Work to be completed - The entries must be repeated verbatim, and their images left out.

Given entries -

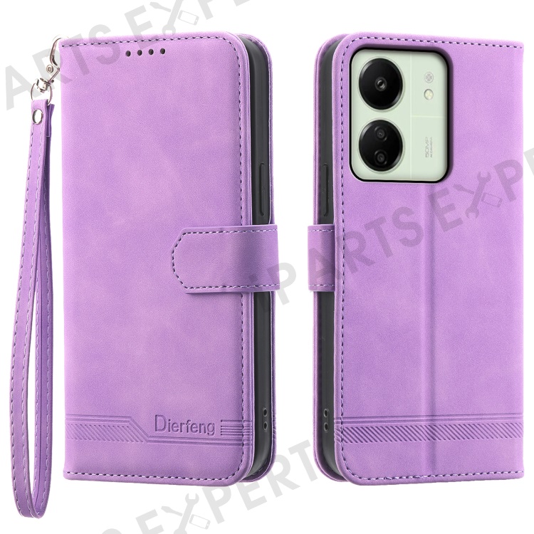 DIERFENG DF-03 For Xiaomi Redmi 13C 4G / 13C 5G / Poco C65 4G / Poco M6 5G / 13R 5G Case PU Leather Flip Card Holder Smartphone Cover - Purple
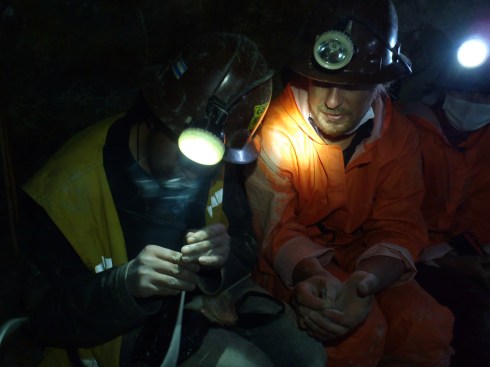 We scramble and crawl in low, narrow, dusty, muddy shafts and climb rickety ladders. Working practices are medieval, safety provisions non-existent (we walk across multiple unsecured planks, an 80m drop either side). The shafts are unventilated, and even with our masks on, the fumes are intoxicating…
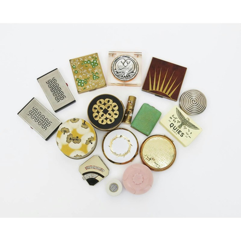 A Dhassy Brevete enamelled metal compact, canted square section, the hinged cover enamelled with geometric design set with egg shell, a Coty Powder box and cover designed by Rene Lalique, a lipstick case with Peynet figure decoration and thirteen other compacts and containers stamped marks, 5cm. square
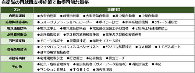 このうち建設業については、自衛隊に基地や陣地の建設・維持・整備に関わる部隊が存在し、建設関係の資格や免許を取得している人もあることから、即戦力としての活用を期待している。
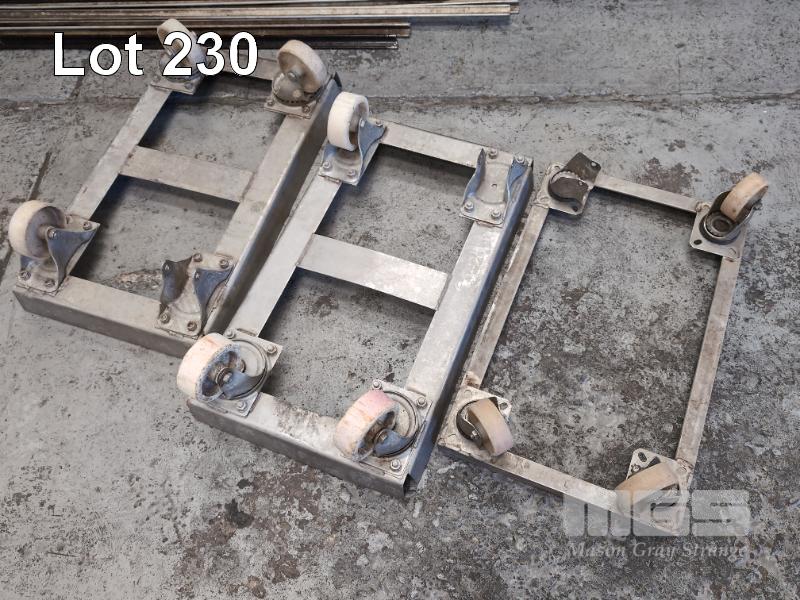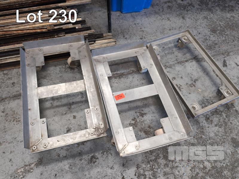 3 X STAINLESS STEEL HEAVY DUTY RECTANGULAR TUB TROLLEYS. ** ALL THREE MISSING A CASTOR WHEEL **
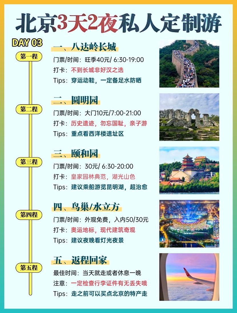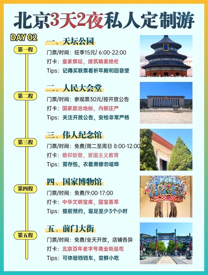 ✅ 门票提前网上订,尤其是故宫、长城,不然现场排队能崩溃。
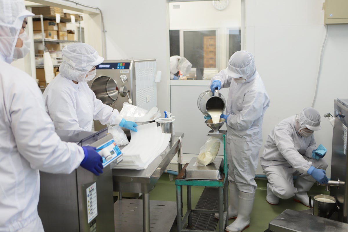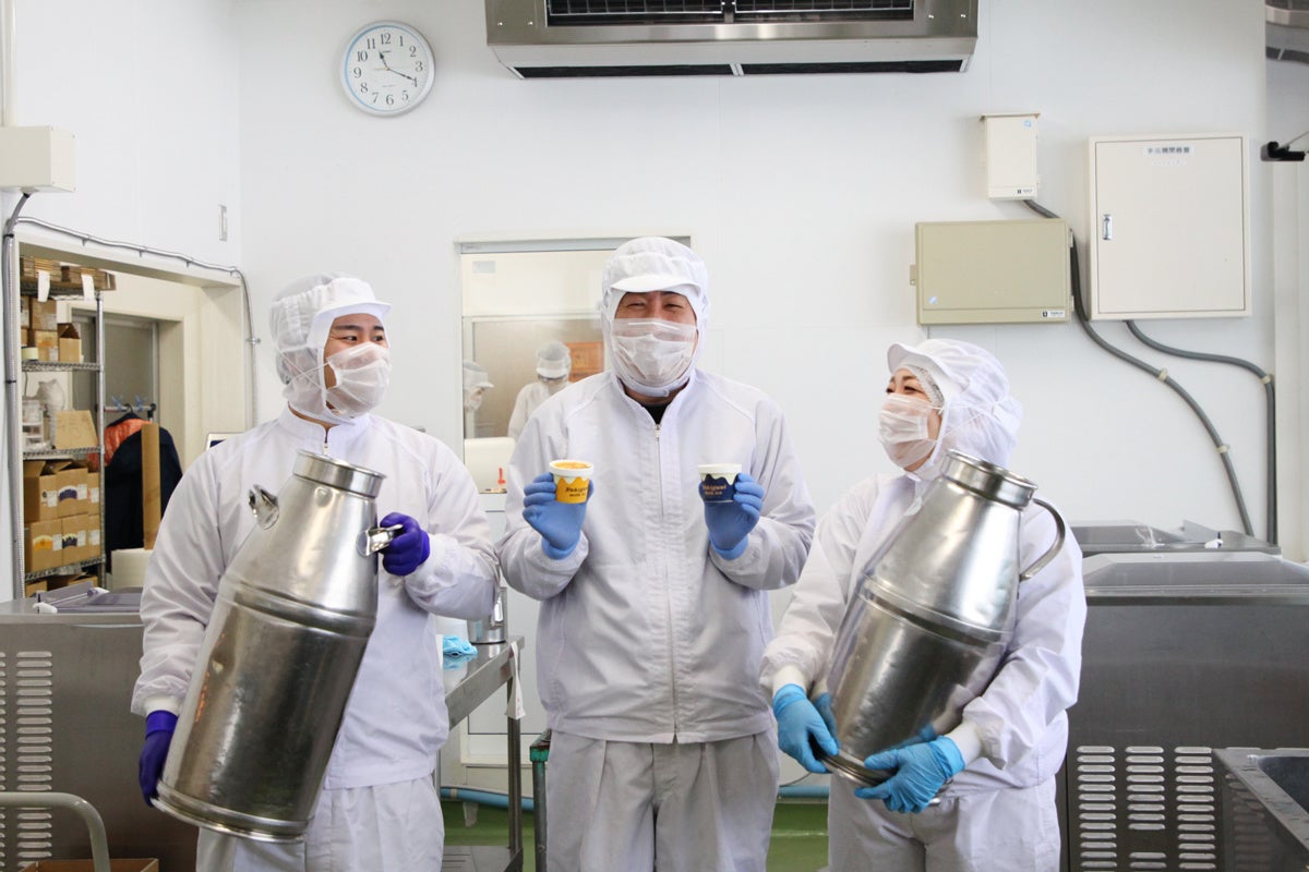 しかし、2015年に工場長が急逝され、工場の稼働は停止となってしまいました。このままでは地域とつながった産業が途絶えてしまい、何よりもこの土地で愛されていた乳製品の味がなくってしまうことを危惧した弊社は、本工場の取得、乳製品加工製造の継続稼働(事業継承)することを決めました。先代の工場長が作り上げた製法とレシピ、そしてその思いを引き継ぎ、ここに乳製品加工経験あるスタッフを迎え入れ、現在ソフトクリームミックスを中心に、カップアイスクリームの製造などを行なっています。

Answer area -
 DIERFENG DF-03 For Xiaomi Redmi 13C 4G / 13C 5G / Poco C65 4G / Poco M6 5G / 13R 5G Case PU Leather Flip Card Holder Smartphone Cover - Purple
 We scramble and crawl in low, narrow, dusty, muddy shafts and climb rickety ladders. Working practices are medieval, safety provisions non-existent (we walk across multiple unsecured planks, an 80m drop either side). The shafts are unventilated, and even with our masks on, the fumes are intoxicating…
 A Dhassy Brevete enamelled metal compact, canted square section, the hinged cover enamelled with geometric design set with egg shell, a Coty Powder box and cover designed by Rene Lalique, a lipstick case with Peynet figure decoration and thirteen other compacts and containers stamped marks, 5cm. square
 このうち建設業については、自衛隊に基地や陣地の建設・維持・整備に関わる部隊が存在し、建設関係の資格や免許を取得している人もあることから、即戦力としての活用を期待している。
 3 X STAINLESS STEEL HEAVY DUTY RECTANGULAR TUB TROLLEYS. ** ALL THREE MISSING A CASTOR WHEEL **
 ✅ 门票提前网上订,尤其是故宫、长城,不然现场排队能崩溃。
 しかし、2015年に工場長が急逝され、工場の稼働は停止となってしまいました。このままでは地域とつながった産業が途絶えてしまい、何よりもこの土地で愛されていた乳製品の味がなくってしまうことを危惧した弊社は、本工場の取得、乳製品加工製造の継続稼働(事業継承)することを決めました。先代の工場長が作り上げた製法とレシピ、そしてその思いを引き継ぎ、ここに乳製品加工経験あるスタッフを迎え入れ、現在ソフトクリームミックスを中心に、カップアイスクリームの製造などを行なっています。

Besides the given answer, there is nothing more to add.